As the Washington Post reported, It also revived questions about the measure’s fate in the Senate, where widespread disagreement remains among Republicans about how to proceed on health care. First, the Senate’s parliamentarian — or rules-keeper — cannot review the legislation and determine the rules of debate until the CBO submits its official estimate, which could take several more weeks to complete, according to congressional aides. That would mean that official Senate debate on the bill could not begin until June.
Depending on the CBO’s report, the Senate will either gag, actually throw up, or light its collective hair on fire and run around looking for a way out of the building. Once they have settled down and licked their wounds (and installed two new AA batteries in Mitch McConnell so at least his eyes blink and his lips move), the Senators (especially those up for reelection in 2018) will:
a.     take their own sweet time to figure out how not to look terrible back home, where many constituents have those pesky “pre-existing conditions” (like aging) or who actually need:
                                                 i.    ambulance services,
                                               ii.    pediatric care,
                                              iii.    maternity care,
                                              iv.    mental health services (which most of the nation will need, by the time this is all over),
                                               v.    prescription drugs (won’t we all want a bit of Xanax?),
                                             vi.    or cancer treatments, diabetes care, etc.

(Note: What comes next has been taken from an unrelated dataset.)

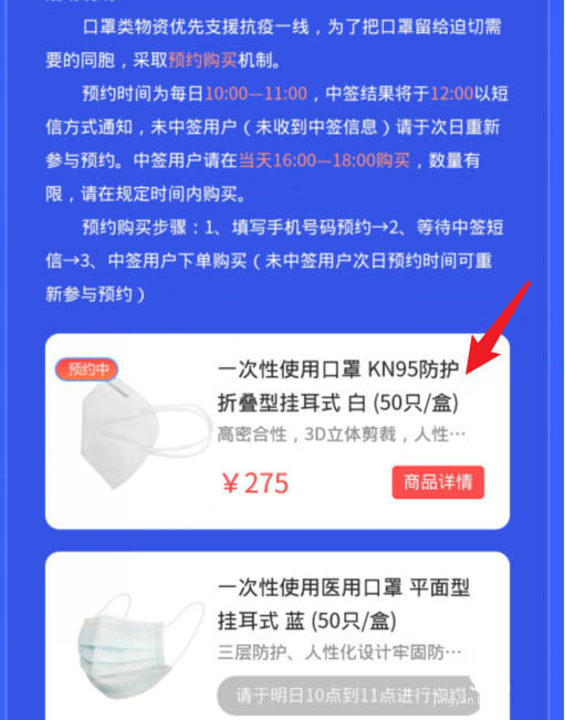 2,因口罩类物资优先支援抗疫一线,供应短缺,预约成功后,每人每天限购1盒,KN95防护级别的一次性使用口罩50只/盒,一次性使用医用口罩50只/盒,预约成功用户只能从两款中选购一盒;

b.    hold some hearings on the Don’tCare bill (or their version of it);
c.    reassure their healthcare lobbyists that there will be plenty of profits in the Don’tCare bill for them (this is a crucial step: the insurance companies want to be sure they are financially covered in case they are ever diagnosed with the pre-existing condition known as morals);
d.    instruct their staffs to read what is actually in the Don’tCare bill they are considering and report back in one-page decision memos;
e.    join hands in a big circle on the Senate floor and listen to Bob Dylan’s “Blowing in the Wind” and John Lennon’s “Imagine” (just kidding);
f.     realize that the Memorial Day and Fourth of July recesses are fast-approaching and decide to do nothing until just before the Labor Day recess (oops, too late now…better wait until never); or…

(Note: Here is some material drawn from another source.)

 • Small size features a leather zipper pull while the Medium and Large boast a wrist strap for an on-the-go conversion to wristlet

g.    cobble together a compromise Don’tCare bill so distasteful to the House that once it goes to the House-Senate conference, the Freedom Caucus will implode, accidentally sucking Paul Ryan and Kevin McCarthy into the void;
h.    construct a tall fence around the entire Capitol building to fend off the millions of Don’tCare-ineligible citizens who are converging on the Congress with pitchforks and blazing torches, looking for Republican Senators and Representatives whose tattooed foreheads are, in Nancy Pelosi’s words, “glowing in the dark;”

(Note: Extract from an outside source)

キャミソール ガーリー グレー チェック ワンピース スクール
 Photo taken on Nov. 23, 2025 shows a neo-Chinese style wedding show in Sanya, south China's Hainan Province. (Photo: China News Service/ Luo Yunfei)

i.      place an anonymous phone call to the White House informing Trump that the Capitol dog ate the Don’tCare bill and they have nothing to turn in.
3.    Instead of a signing ceremony for his Don’tCare bill, Trump sends Tomahawk missiles into the House and Senate office buildings, and everywhere else the intelligence services say Members of Congress are hiding, then blames the attack on the media and North Korea, launches nukes against CNN, the Post, the Times, and Pyongang, and claims a win.